• **RECORD EXTRACTS**:
○ ○ ○

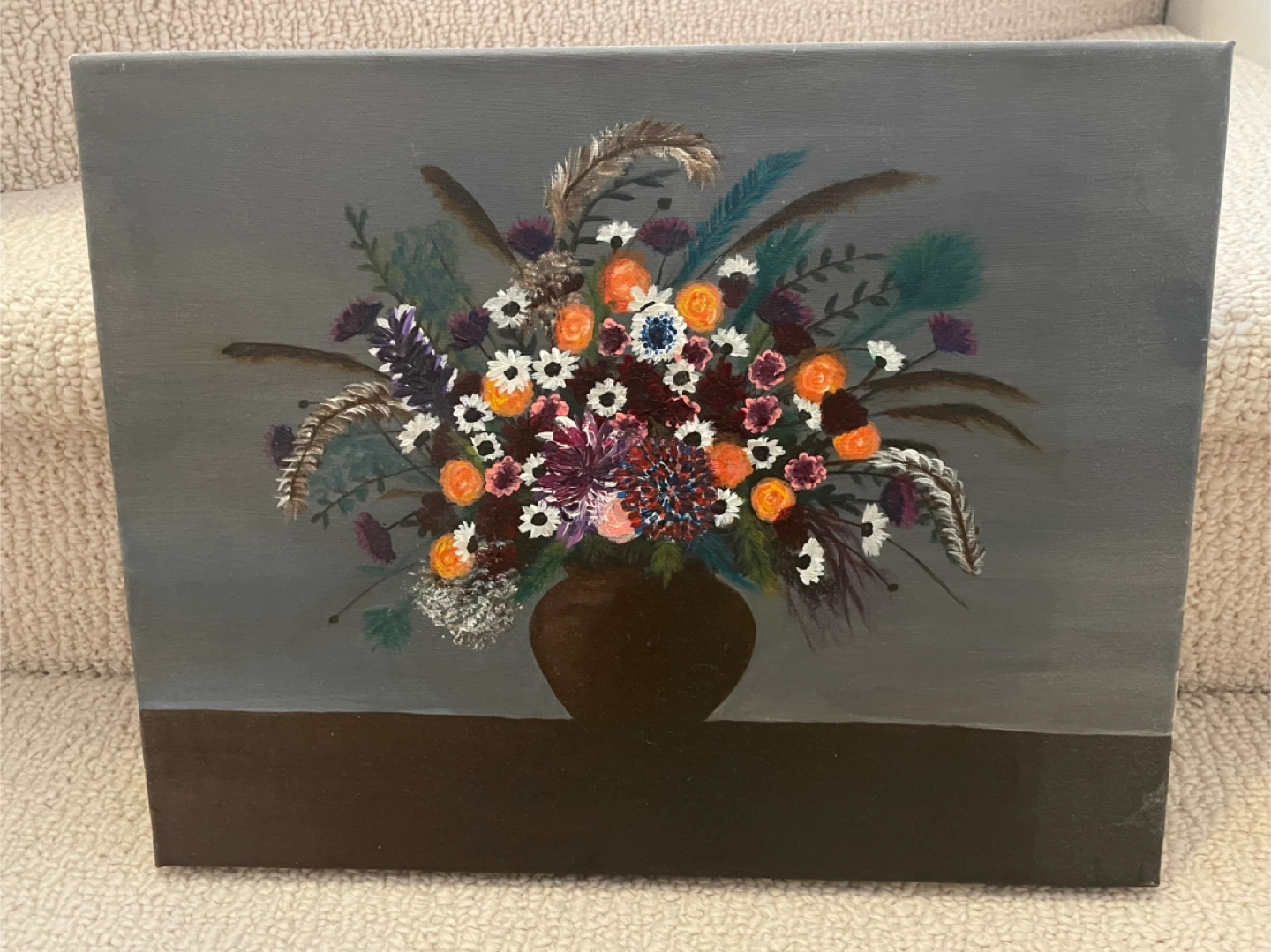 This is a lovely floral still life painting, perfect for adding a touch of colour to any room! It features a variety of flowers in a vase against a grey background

○ ○ ○

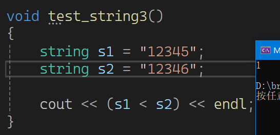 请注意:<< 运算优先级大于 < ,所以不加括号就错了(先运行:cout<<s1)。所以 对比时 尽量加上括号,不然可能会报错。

○ ○ ○

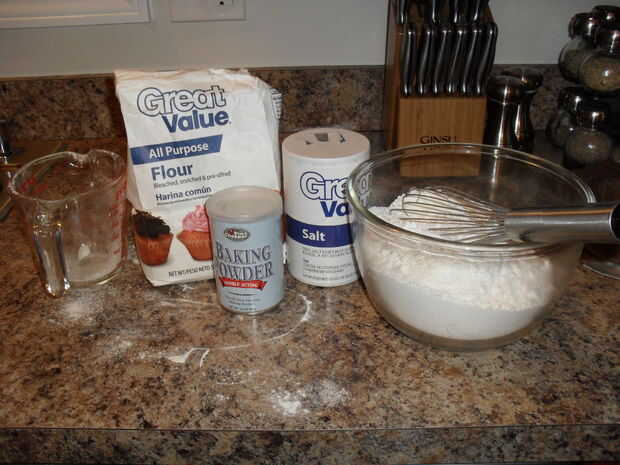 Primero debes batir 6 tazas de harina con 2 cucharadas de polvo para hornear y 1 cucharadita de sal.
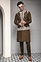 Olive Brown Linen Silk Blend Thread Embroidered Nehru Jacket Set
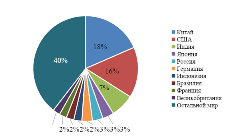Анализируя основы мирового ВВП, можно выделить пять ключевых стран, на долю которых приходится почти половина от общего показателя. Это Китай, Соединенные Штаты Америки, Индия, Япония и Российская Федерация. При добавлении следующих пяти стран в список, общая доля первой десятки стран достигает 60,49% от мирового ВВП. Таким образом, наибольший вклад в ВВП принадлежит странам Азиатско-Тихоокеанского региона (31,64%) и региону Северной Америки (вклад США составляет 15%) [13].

○ ○ ○

• **WHAT THE TASK ASKS**: A verbatim reproduction is expected: starting at the line above that has "Olive Brown Linen", ending at the line that has "Анализируя основы мирового", both included, and with no pictures and no other lines.

• **ANSWER TO THIS PROBLEM**:
 Olive Brown Linen Silk Blend Thread Embroidered Nehru Jacket Set
Анализируя основы мирового ВВП, можно выделить пять ключевых стран, на долю которых приходится почти половина от общего показателя. Это Китай, Соединенные Штаты Америки, Индия, Япония и Российская Федерация. При добавлении следующих пяти стран в список, общая доля первой десятки стран достигает 60,49% от мирового ВВП. Таким образом, наибольший вклад в ВВП принадлежит странам Азиатско-Тихоокеанского региона (31,64%) и региону Северной Америки (вклад США составляет 15%) [13].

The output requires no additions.